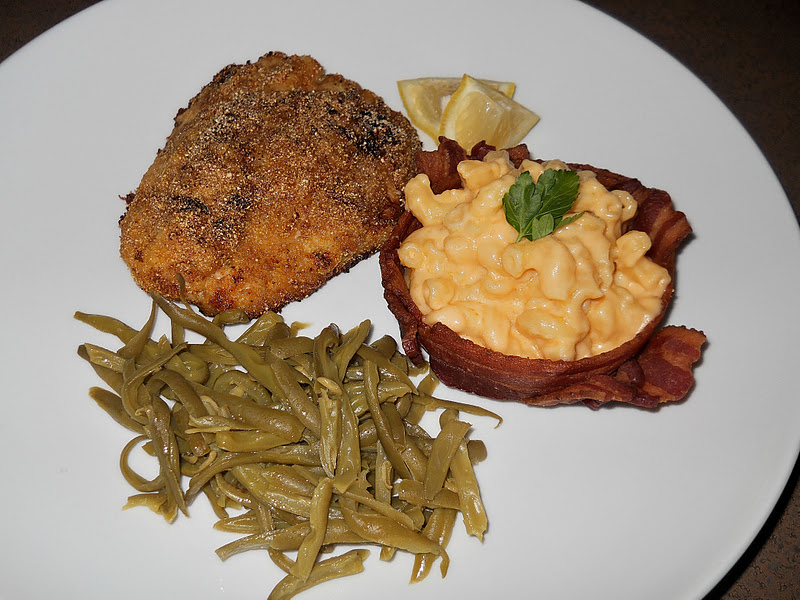Tonight I did a bad thing...aside from the Groundhog 'incident'....tisk-tisk...I jest...So, at this point in my life, I'm sure, to most of you, that is no surprise...which is why I didn't ask you to have a seat...but, it isn't what you were thinking...no boys, toys, mailboxes or police were involved...much to MY chagrin...hahahaahaha..I'm kidding..um, not really...Anyhoo...I somehow managed to channel Paula Deen tonight..and now we can probably share clothes and such...after the calorie-laden meal I consumed this evening...thank heavens for yoga pants...and not that I plan on doing any yoga..but they have a stretchy-waist band...Allow me to introduce....(and we have prolly way too many pics for a Thursday night..) Cajun fried catfish with stovetop mac and cheese in a bacon bowl..oh, we did have some green beans..that's a bonus...
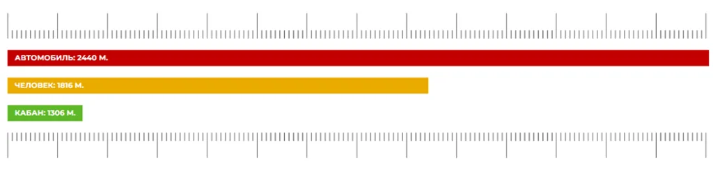 Дальность обнаружения объектов: (1,8х0,5м) — 1816 м, (2,3х2,3м) – 2440 м.
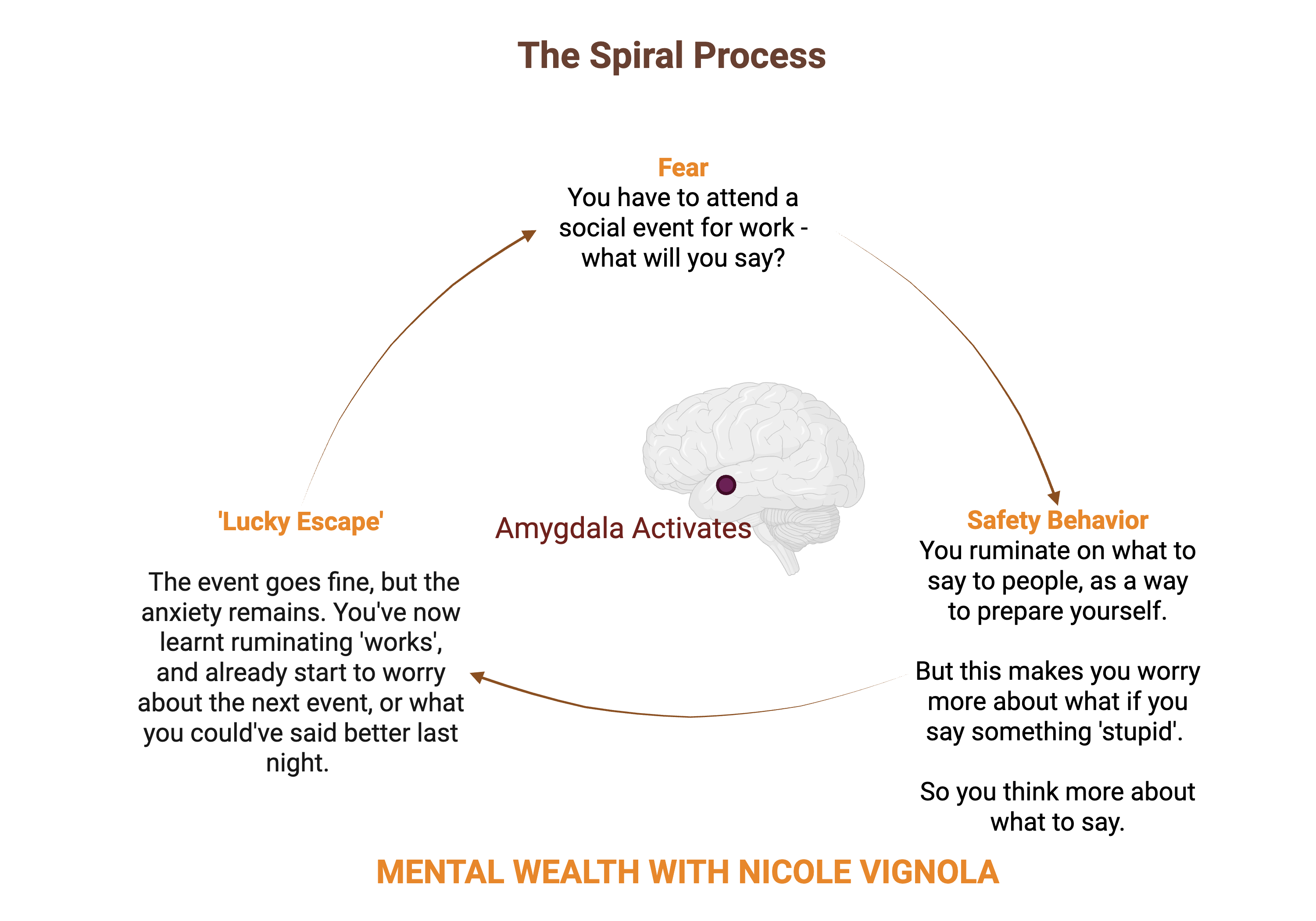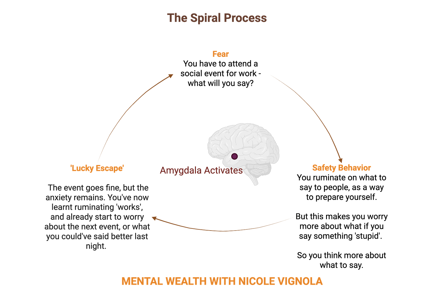 This is generally an anxiety-driven process where you continually think about an issue that you fear/are Ûanxious about/are stressed about, coming to no resolution. And because spiraling is driven by fear (from a brain area called the amygdala), you’re not really looking for a solution either. The rational, problem-solving part of the brain (the frontal cortex) isn’t engaged (1). Spiraling can masquerade as a helpful process - ‘thinking things through’- whereas it’s really a cycle that’s perpetuating the anxiety. The thoughts start to be less grounded, and more ‘what if’ based.
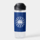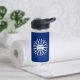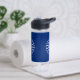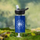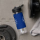 Wasserflasche mit der Flagge der Stadt Buffalo, New York; blaue Flagge mit weißem Siegel der Stadt und 13 Blitzschrauben
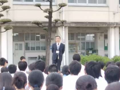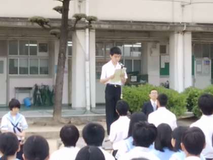 全校集会で生徒会が主催した学校標語コンクールの表彰がありました。
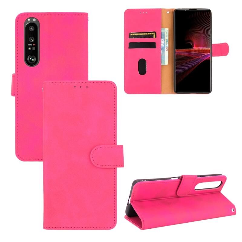 Για το Sony Xperia 1 III Solid Color Skin Feel Magnetic Buckle Horizontal Flip Calf Texture PU Leather Case with Holder & Card Slots & Wallet(Rose Red)
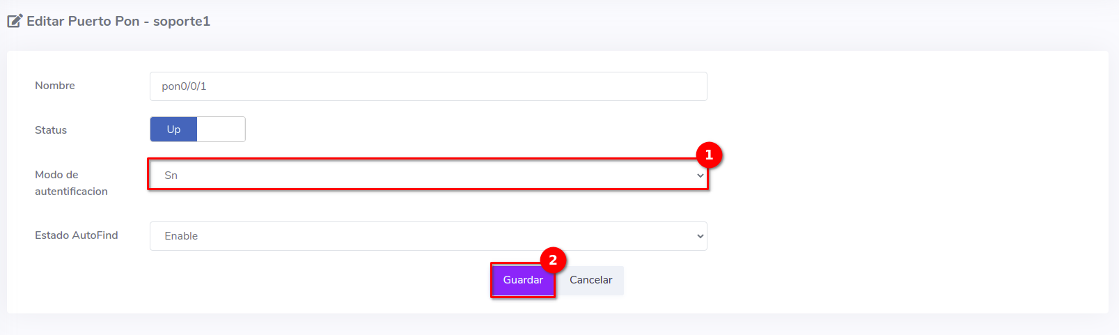 La opción Activar Autofind activa que en todos los puertos sea posible visualizar las onus que están listas para autorizarlas en la OLT. Si no se activa, puede que la OLT no le muestre la información de la ONUs para autorizar en AdminOLT, en la Interfaz de la OLT y al ingresar a la OLT por el protocolo Telnet.
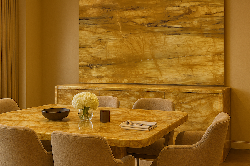 Masterpiece of nature, celebrated for its warm golden hues, flowing amber veins, and timeless Italian charm
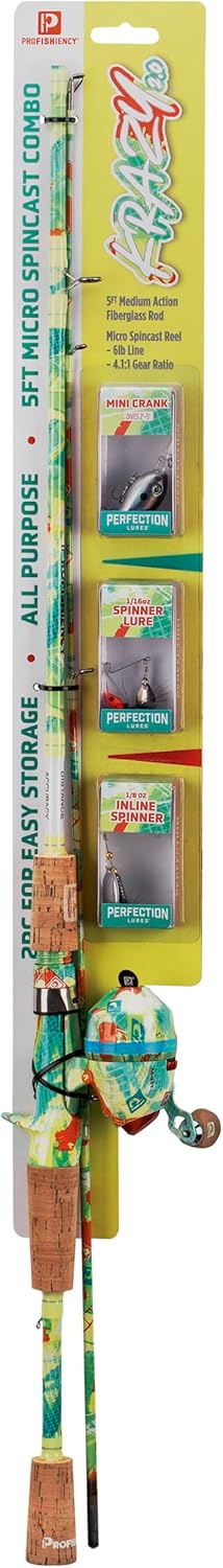 | Included Components | • Micro Spincast Reel w/ 4.1:1 Gear Ratio, •5’ Medium Light 2pc. Fiberglass Rod, •Aluminum Handle w/ Cork Knobs, •Cork Handle and Foregrip, •Pre-Spooled w/ 6lb Line |
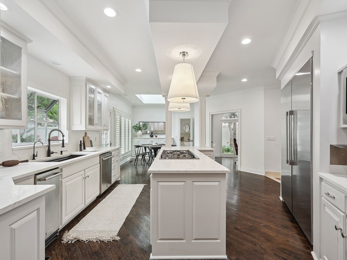 This kitchen features a bright and spacious layout with classic white cabinetry and smooth marble countertops, creating a clean and timeless aesthetic. A central island with a built-in cooktop anchors the space, illuminated by large pendant lights hanging from a recessed ceiling with crown molding. Dark hardwood floors provide a rich contrast to the predominantly white color scheme. Stainless steel appliances, including a refrigerator and dishwasher, enhance the modern functionality. A long white runner rug softens the wooden floor. Paneled glass cabinets and a large window with white plantation shutters bring in natural light, connecting to a cozy breakfast nook with black chairs and a wooden table near the back.
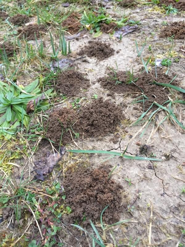 Ich habe heute (gestern waren sie noch nicht da) winzige Erdhäufchen in der Wiese entdeckt. Im Boden hat es ein Mini-Loch.
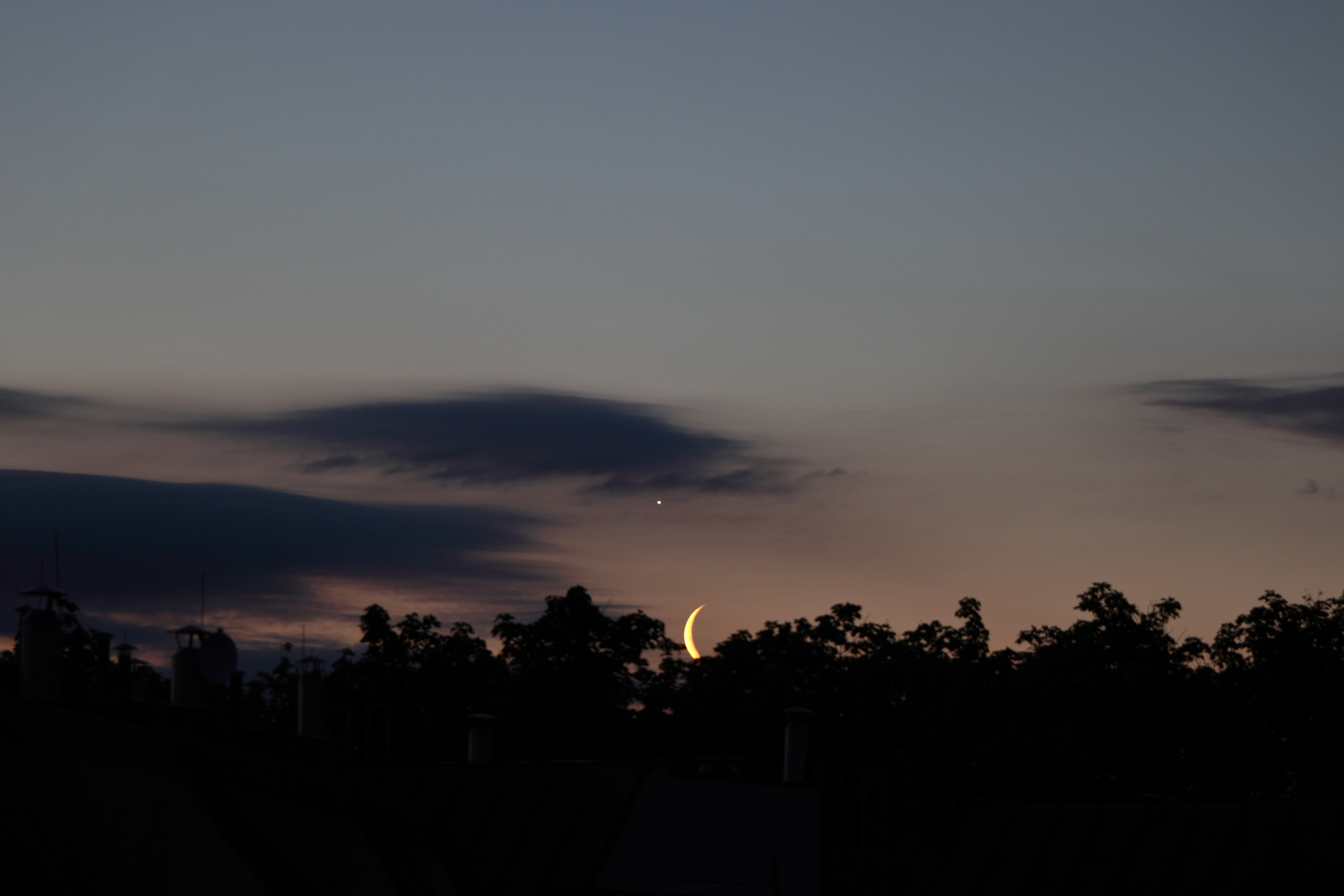 27. Mai 2022: Mit freiem Auge besonders eindrucksvoll war der Mond beim Morgenplaneten Venus zu sehen. 4:08 Uhr MESZ: Aufgang des Mondes über dem Landschaftshorizont.
■ ■ ■ ■
What you will do
Please write out exactly, and only, the lines from the beginning of the entries through the line containing "Дальность обнаружения объектов: (1,8х0,5м)", including both and skipping all pictures.

Answer box
Tonight I did a bad thing...aside from the Groundhog 'incident'....tisk-tisk...I jest...So, at this point in my life, I'm sure, to most of you, that is no surprise...which is why I didn't ask you to have a seat...but, it isn't what you were thinking...no boys, toys, mailboxes or police were involved...much to MY chagrin...hahahaahaha..I'm kidding..um, not really...Anyhoo...I somehow managed to channel Paula Deen tonight..and now we can probably share clothes and such...after the calorie-laden meal I consumed this evening...thank heavens for yoga pants...and not that I plan on doing any yoga..but they have a stretchy-waist band...Allow me to introduce....(and we have prolly way too many pics for a Thursday night..) Cajun fried catfish with stovetop mac and cheese in a bacon bowl..oh, we did have some green beans..that's a bonus...
 Дальность обнаружения объектов: (1,8х0,5м) — 1816 м, (2,3х2,3м) – 2440 м.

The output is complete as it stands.